Segmentation and Checksum Offloading: Turning Off with ethtool

When introducing data communications concepts and protocols to students I think it is beneficial to demonstrate, and more importantly, allow students to play with real protocols. In the lab I teach (ITS332), as well as assignments for some lecture courses, we use Wireshark to capture traffic generated by several Internet applications (e.g. ping, Secure Shell, web browsing, iperf). This allows students to see the actual packets being sent across a network, and start to understand the protocol rules and formats used.

Unfortunately sometimes what we see in Wireshark is not what we expect. One case in which this occurs is when TCP/IP operations are offloaded by the operating system to the Network Interface Card (NIC). Common operations for offloading are segmentation and checksum calculations. That is, instead of the OS using the CPU to segment TCP packets, it allows the NIC to use its own processor to perform the segmentation. This saves on the CPU and importantly cuts down on the bus communications to/from the NIC. However offloading doesn't change what is sent over the network. In other words, offloading to the NIC can produce performance gains inside your computer, but not across the network.

How does this affect what Wireshark captures? Consider the figure below illustrating the normal flow of data through a TCP/IP stack without offloading. Lets assume the application data is 7,300 Bytes. TCP breaks this into five segments. Why five? The Maximum Transmission Unit (MTU) of Ethernet is 1500 Bytes. If we subtract the 20 Byte IP header and 20 Byte TCP header there is 1460 Bytes remaining for data in a TCP segment (this is the TCP Maximum Segment Size (MSS)). 7,300 Bytes can be conveniently segmented into five maximum sized TCP segments.

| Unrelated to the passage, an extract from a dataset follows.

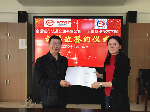 4月12日,blh漫画 汽车工程系举行与南通城市轨道交通有限公司的首届订单班开班暨签约仪式,该系主任赵桂良、南通城市轨道交通有限公司人事主管邵春云共同出席了签约仪式,12名学生成为了订单班首批学员。
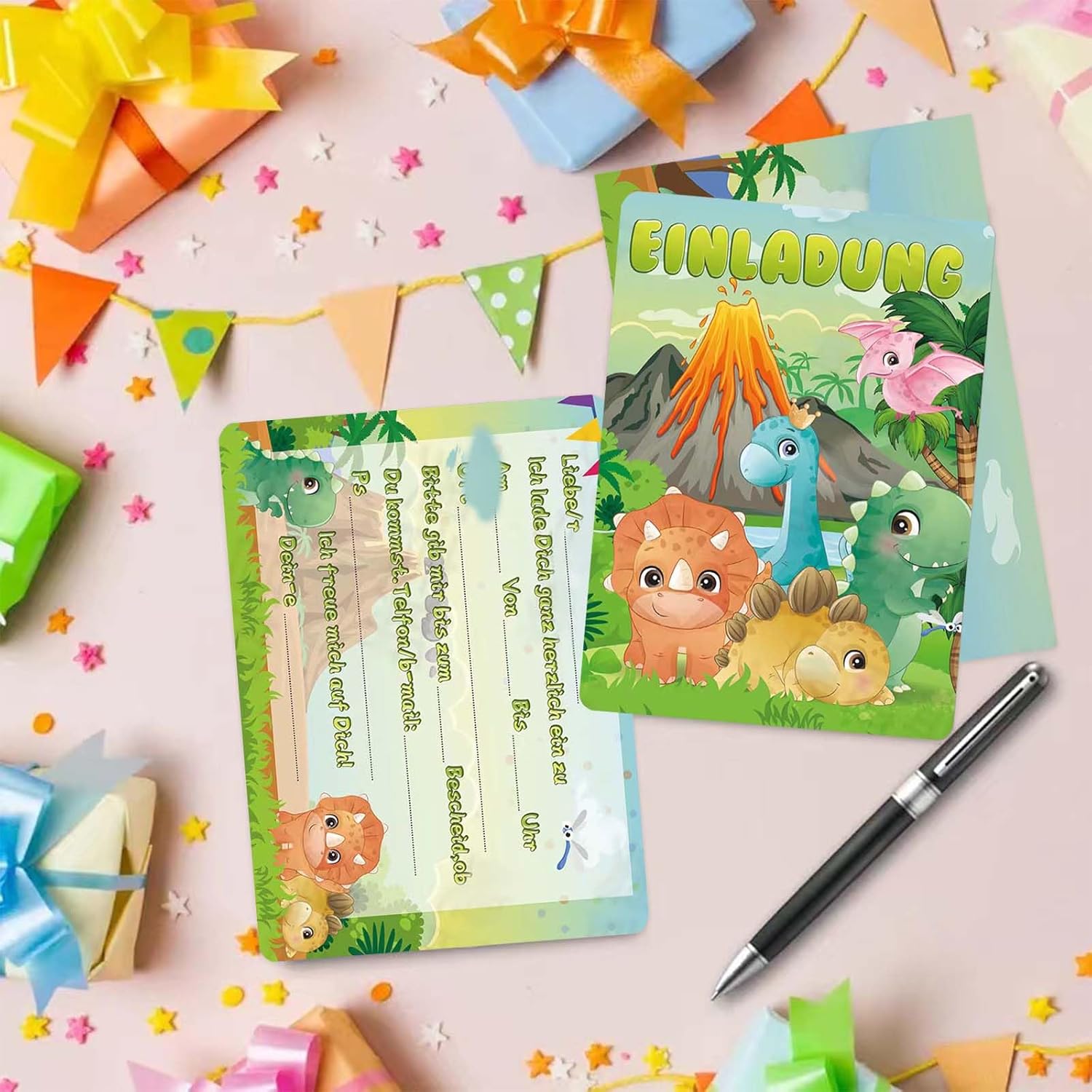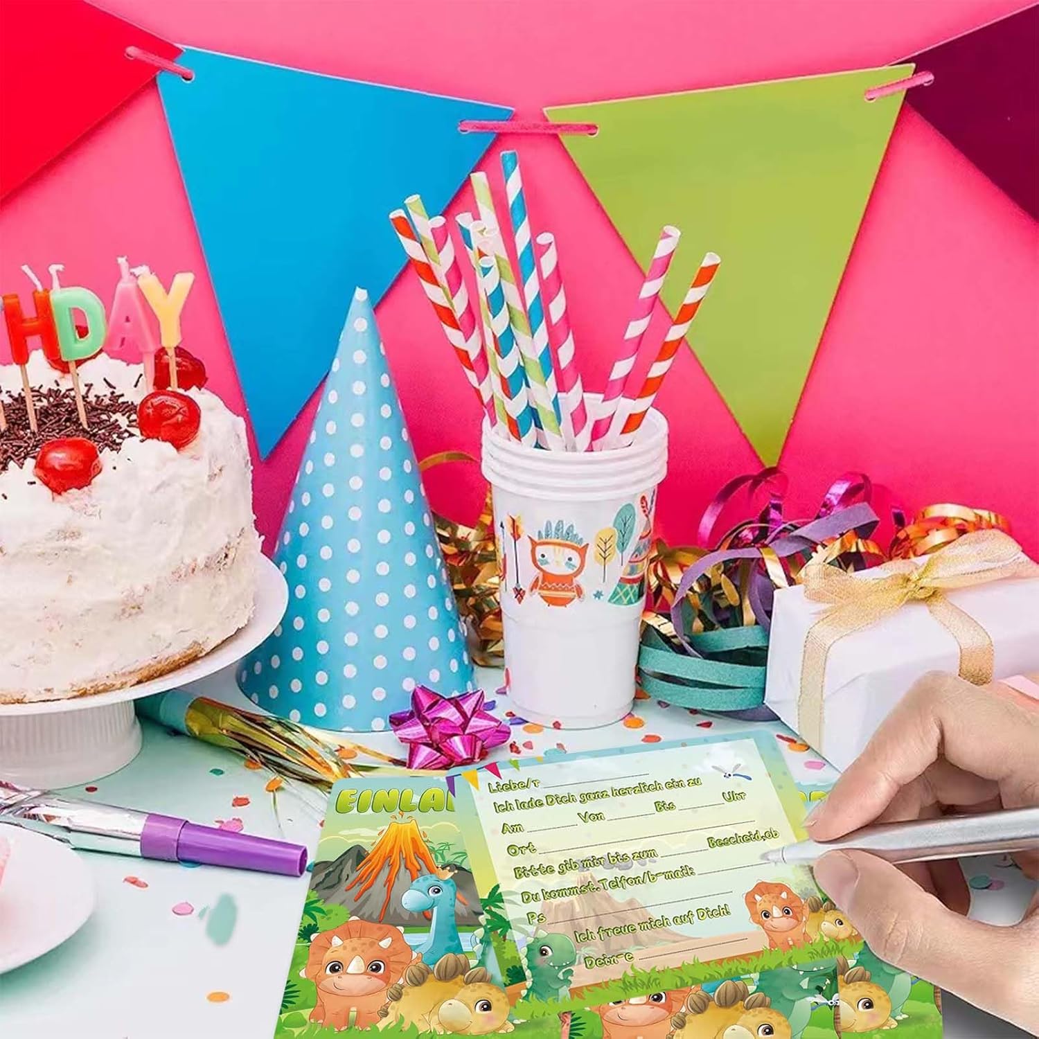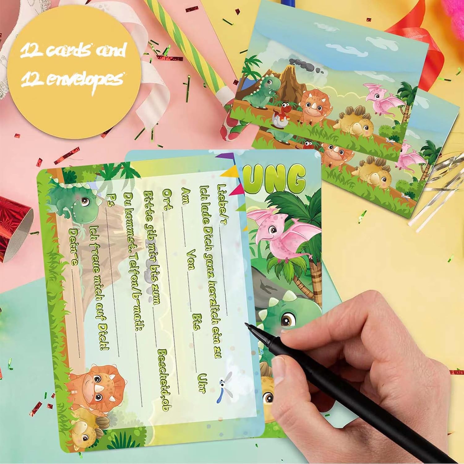 1. Materiali di alta qualità: i nostri biglietti d'invito con dinosauri sono realizzati con carta di alta qualità, durevole e resistente. Puoi essere certo che i tuoi inviti arriveranno in perfette condizioni. 2,12 biglietti per confezione: ogni confezione contiene 12 biglietti d'invito con dinosauri, quindi avrai abbastanza biglietti per l'intera festa di compleanno. 3. Design unico: i nostri biglietti d'invito con dinosauri presentano adorabili disegni di dinosauri e decorazioni glitterate. Sono perfetti per i compleanni dei bambini e altre occasioni speciali. 4. Versatile: i nostri biglietti d'invito con dinosauri sono adatti a tutti i tipi di eventi, comprese feste di compleanno, inaugurazioni di case e altre occasioni speciali. 5. Regalo ideale: i nostri biglietti d'invito con dinosauri sono il regalo perfetto per i bambini che amano i dinosauri e i glitter. Si divertiranno a creare e inviare i propri inviti.

Wireshark capturing in the stack

After IP adds a header to the TCP segments the resulting IP datagrams are sent one-by-one to the "Ethernet layer". Note that TCP/IP are part of operating system, while most functionality of Ethernet is implemented on the NIC. However network drivers (lets consider them part of the OS) also perform some of the Ethernet functionality. The network driver creates/receives Ethernet frames. So in the above example, assuming segmentation offloading is not used, the 7,300 Bytes of application data is segmented into 5 TCP/IP packets containing 1460 Bytes of data each. The network driver encapsulates each IP datagram in an Ethernet frame and sends the frames to the NIC. It is these Ethernet frames that Wireshark (and other packet capture software, like tcpdump) captures. The NIC then sends the frames, one-by-one, over the network.

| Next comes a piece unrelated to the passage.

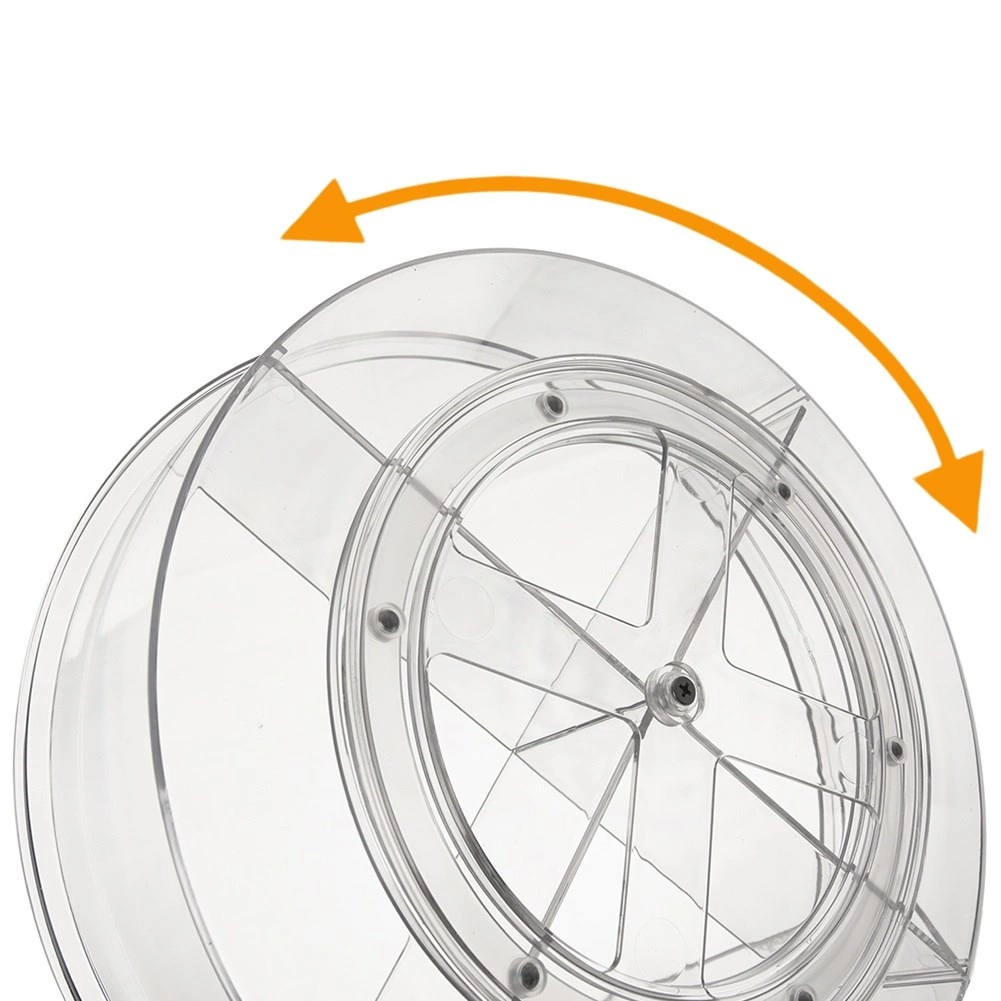 Maksimizējiet plauktu, ledusskapja vai skapīšu vietu. Rotējošais organizators, pateicoties kompaktajiem izmēriem un iedalītajiem nodalījumiem, uztur jūsu lietas pārskatāmi vienuviet. Caurspīdīgais plastmasa nodrošina tūlītēju pārskatu par saturu un vieglu meklēšanu.
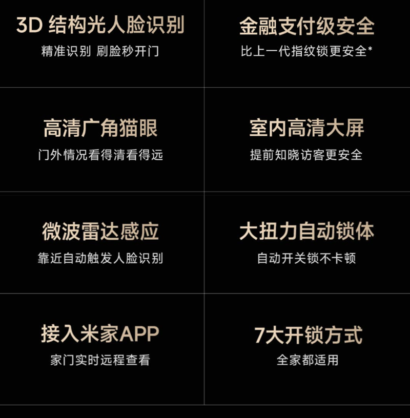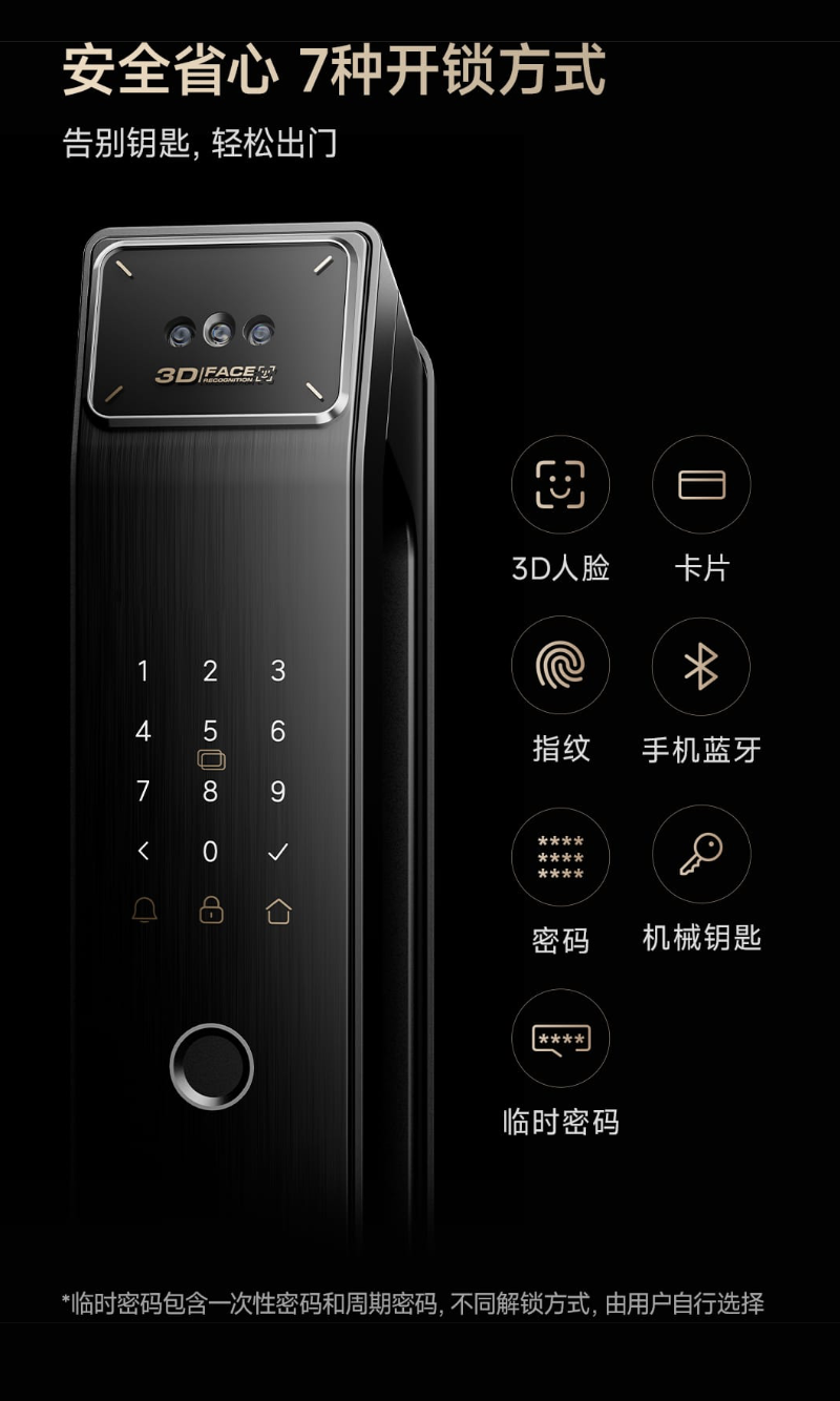 该门锁支持 3D 人脸、指纹、手机蓝牙、卡片、密码、机械钥匙开门,同时也接入了米家 App,支持开门智能家居联动。

Now consider when segmentation offloading is used (as in the figure below). The OS does not segment the application data, but instead creates one large TCP/IP packet and sends that to the driver. The TCP and IP headers are in fact template headers. The driver creates a single Ethernet frame (which is captured by Wireshark) and sends it to the NIC. Now the NIC performs the segmentation. It uses the template headers to create 5 Ethernet frames with real TCP/IP/Ethernet headers. The 5 frames are then sent over the network

Wireshark capturing in the stack

The result: although the same 5 Ethernet frames are sent over the network, Wireshark captures different data depending on the use of segmentation offloading. When not used, the 5 Ethernet frames are captured. When offloading is used, Wireshark only captures the single, large frame (containing 7,300 bytes of data).

To further illustrate segmentation offloading, and how to control it in Linux, consider the following tests performed on two Ubuntu computers, basil and ginger, connected on an Ethernet LAN. On basil (which has IP address 10.10.1.22) netcat in server mode is used to receive data:

sgordon@basil$ nc -l 5001

On ginger netcat in client mode is used to send 10,000 Bytes of data (stored in a file) to the server.

sgordon@ginger$ nc -p 5002 10.10.1.22 5001 < 10000bytes.txt 

tcpdump is used to see the captured IP packets, and in particular the size of the TCP segments. I could have used Wireshark, but the text output of tcpdump> is easier to include in this page. ethtool is used to view and change the status of segmentation offloading (in this example, generic segmentation offload or GSO).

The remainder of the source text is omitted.